*WHAT THE TASK REQUIRES*.
Print the entire listing below word for word, excluding its pictures.
(Beginning of GIVEN DATA)
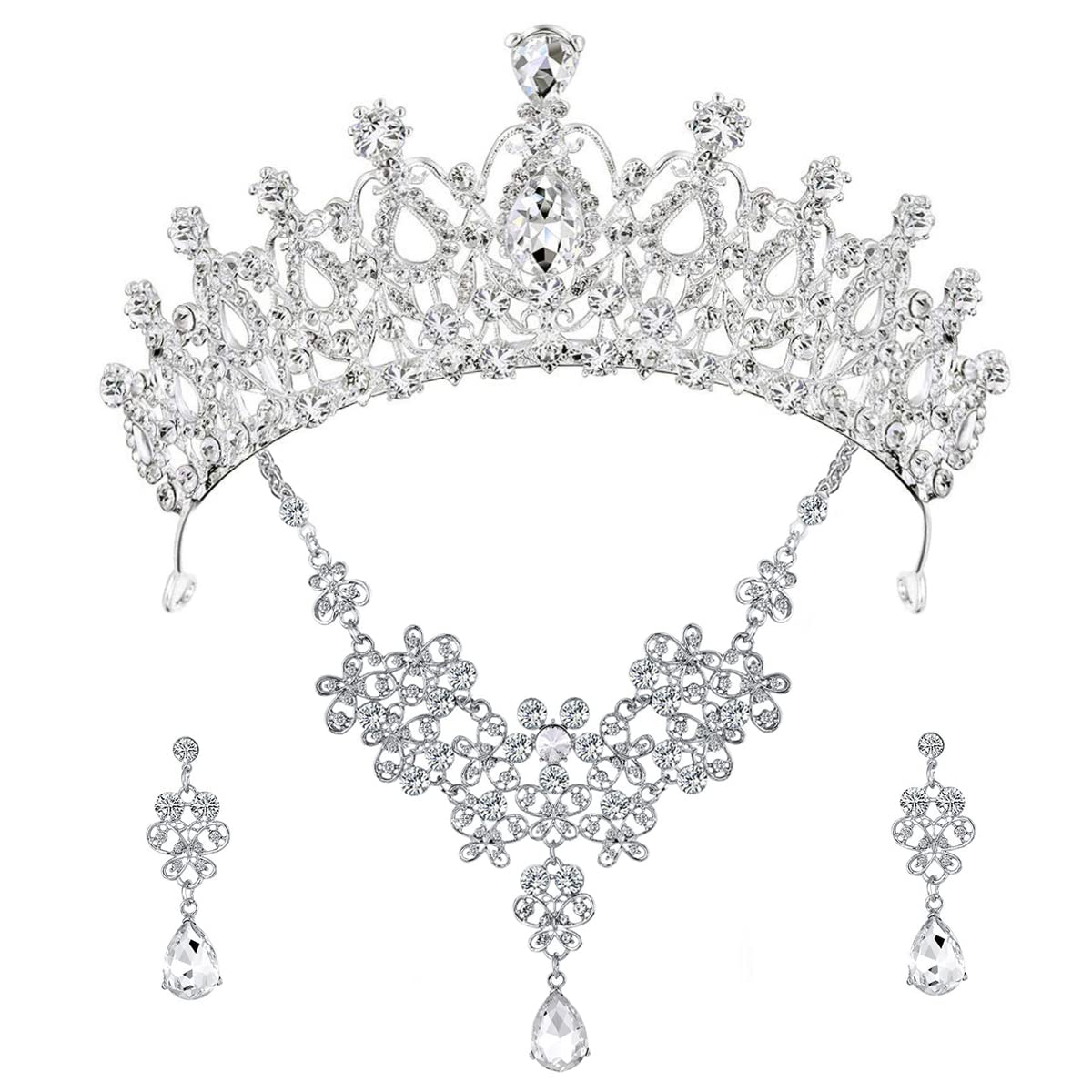 - Includes a necklace, a pair of eardrops, and a crown designed with elegant floral details.
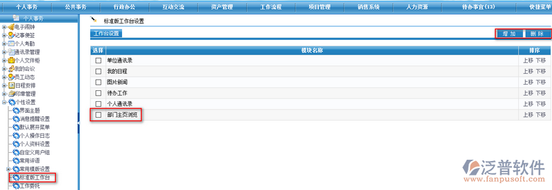 選中“部門主頁瀏覽”,完成添加后在我們的【標準工作臺】可看到我們新增的工作臺,擺放的位置可以進行上下移動,如下圖所示:
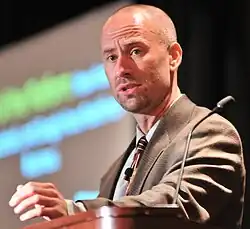 ![]() Simon speaking at PostalVision 2020 in 2012. | |
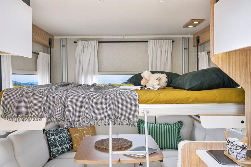 Le salon avec banquettes en forme de U, disposé à l’arrière des camping-cars, c’est l’agencement qui – plus que tout autre – priorise la convivialité à bord. Avec lui, le coin lounge/repas peut accueillir généralement 5 à 6 personnes, tout en offrant une disposition particulièrement cozy. L’idée est séduisante. Tout du moins sur le papier, car elle implique aussi de composer avec un lit escamotable sous pavillon. Autrement dit, il faut faire une croix sur le lit permanent. Pour beaucoup, c’est là où le bât blesse.
(End of GIVEN DATA)
*EXERCISE RESULT*.
 - Includes a necklace, a pair of eardrops, and a crown designed with elegant floral details.
 選中“部門主頁瀏覽”,完成添加后在我們的【標準工作臺】可看到我們新增的工作臺,擺放的位置可以進行上下移動,如下圖所示:
 ![]() Simon speaking at PostalVision 2020 in 2012. | |
 Le salon avec banquettes en forme de U, disposé à l’arrière des camping-cars, c’est l’agencement qui – plus que tout autre – priorise la convivialité à bord. Avec lui, le coin lounge/repas peut accueillir généralement 5 à 6 personnes, tout en offrant une disposition particulièrement cozy. L’idée est séduisante. Tout du moins sur le papier, car elle implique aussi de composer avec un lit escamotable sous pavillon. Autrement dit, il faut faire une croix sur le lit permanent. Pour beaucoup, c’est là où le bât blesse.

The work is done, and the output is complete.